A British ammunition column during World War I, circa 1915

A British ammunition column during World War I, circa 1915

For a moment, the vehicle was motionless, as if frozen in time. Then a man stepped forward from the pavement — thin, frail and shabbily dressed, with an unblinking stare. It was Gavrilo Princip. Scarcely believing his luck, he took out his pistol and fired two shots. Sophie was hit in the abdomen; Franz Ferdinand in the neck. As his wife slumped at his side, the Archduke whispered: ‘Sophie, Sophie, don’t die. Stay alive for our children!’

News of the murders flashed around the world, setting in train the events that led to war.

After rounding up Princip and his friends, the Austrians decided on military reprisals. Not unreasonably, their generals held Serbia responsible.

For years Serbia’s politicians had whipped up anti-Austrian sentiment, and Princip’s gang had been encouraged and armed by Serbian intelligence agents.

Now, it was time to teach Serbia a lesson.
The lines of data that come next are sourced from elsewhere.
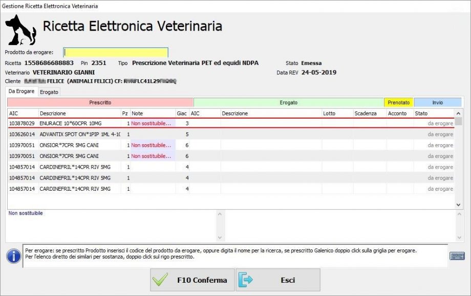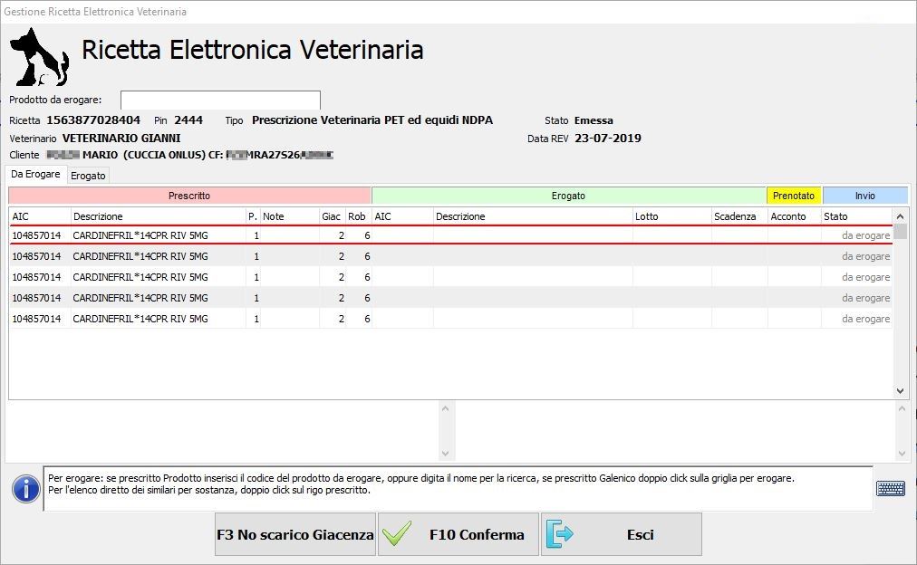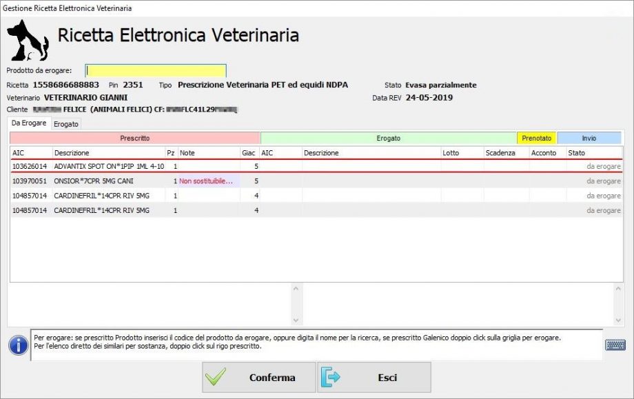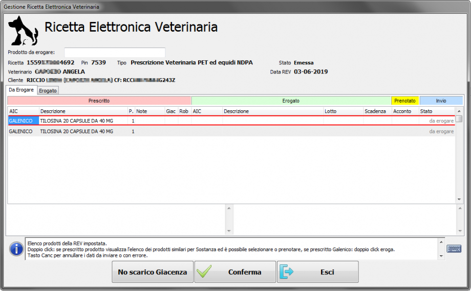 - Se hai accettato di gestire la ricetta elettronica veterinaria per procedere con le operazioni di spedizione inserisci il PIN che ti è stato fornito e premi . A video visualizzerai il/ prodotto/i prescritto/i dal Medico veterinario.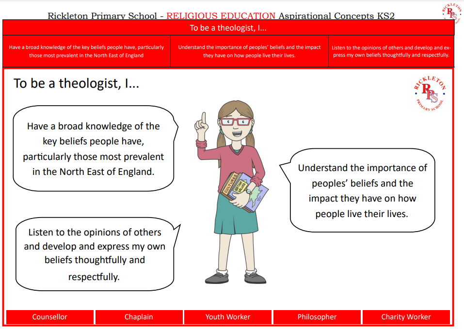 At Rickleton Primary, we follow the local SACRE RE curriculum. This is designed to support the needs of the local community and is tailored towards ensuring that the knowledge children gain is relevant to the context of living in the North East of England. The document below shows the progression of topics and teaching that children will encounter across their time in school.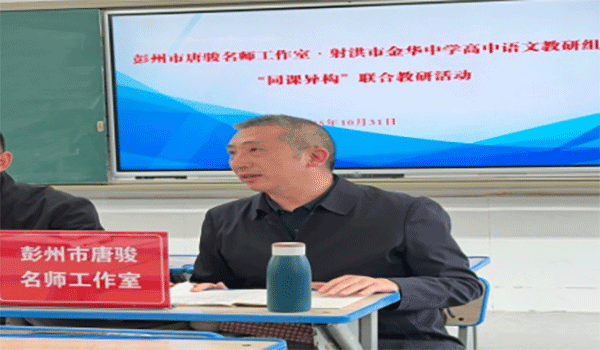 为深化语文学科建设,拓宽教学视野,全面提升工作室成员的综合素养,日前,彭州市唐骏名师工作室成员在领衔人唐骏校长的带领下,赴四川省射洪市金华中学开展了一场深度交流与送教活动。本次活动以“同课异构、评课研讨、文化浸润、经验共享”为主线,内容充实,成效显著。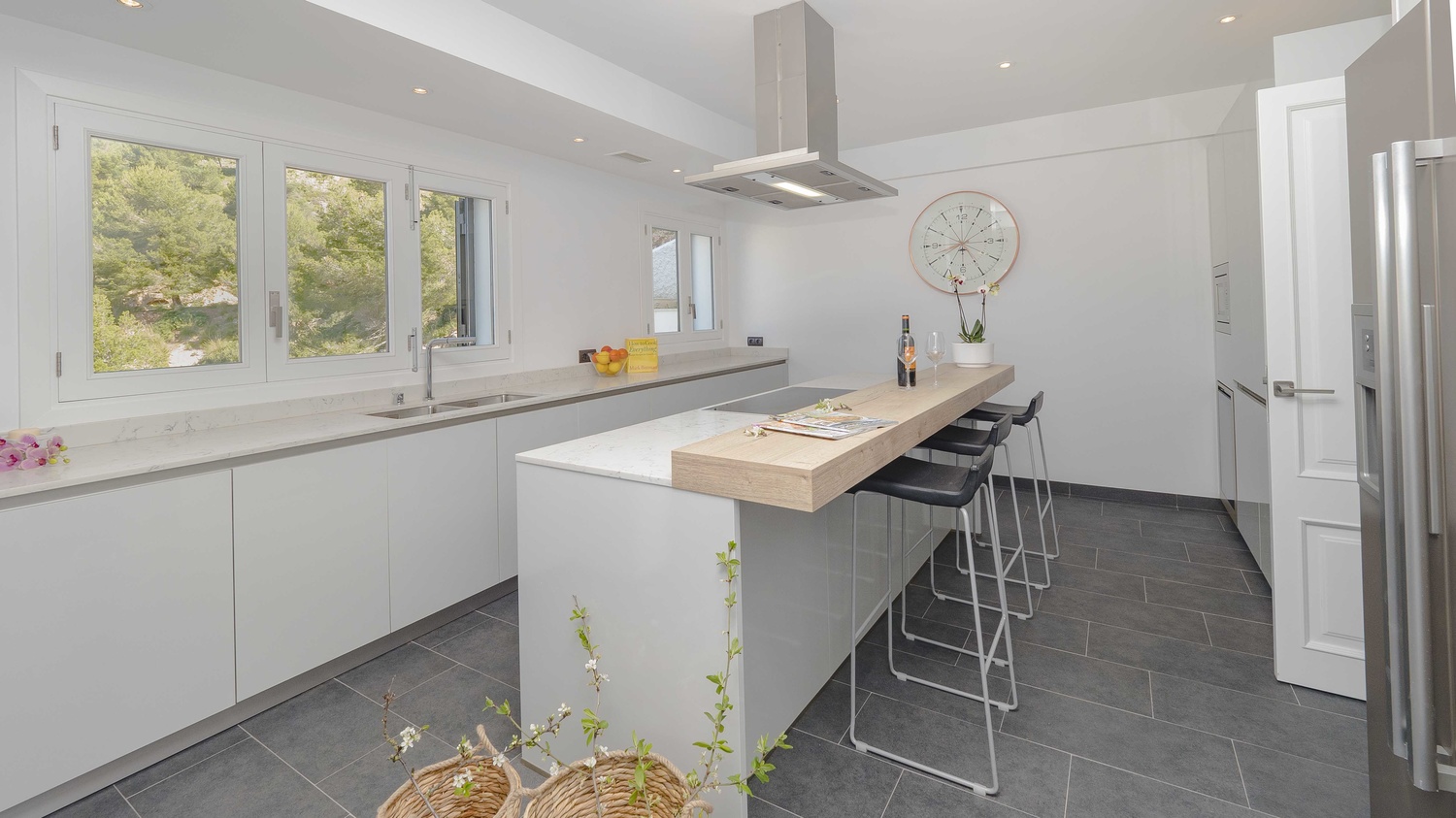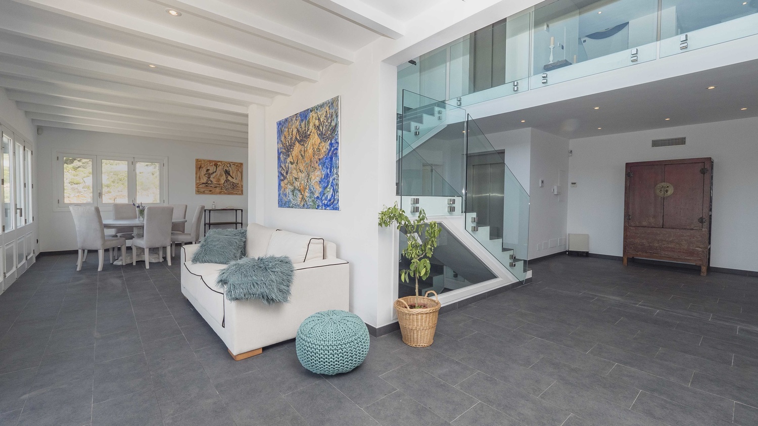 2nd basement: open kitchen with dining area and a large living room with stunning sea views, access to the large terrace with sea views, and 1 guest toilet.

There was, however, an obvious problem.

If Austria declared war, Serbia would undoubtedly appeal to its most powerful protector, the eastern colossus of tsarist Russia.

So, a week after Franz Ferdinand’s murder, on Sunday, July 5, two men had lunch in Berlin. One was the Austrian ambassador. The other was perhaps the most powerful man in Europe: Kaiser Wilhelm II, Emperor of Germany.

Later, Allied propaganda painted Wilhelm as a blood-crazed monster. In fact, he was simply bumptious and insecure.

At Wilhelm’s birth almost 60 years earlier, the doctors had accidentally torn the nerves in his neck. His left arm was crippled and useless, and as a child he suffered from agonising earaches.

His mother Vicky — a daughter of Queen Victoria — treated him like a freak, and he never got over it. Even after becoming Kaiser in 1888, he remained hot-tempered, needy and desperate for attention.

On the international stage, Wilhelm cut a ridiculous figure, forever fuming at his British relatives. ‘The English,’ he said bitterly, ‘will be brought low some day!’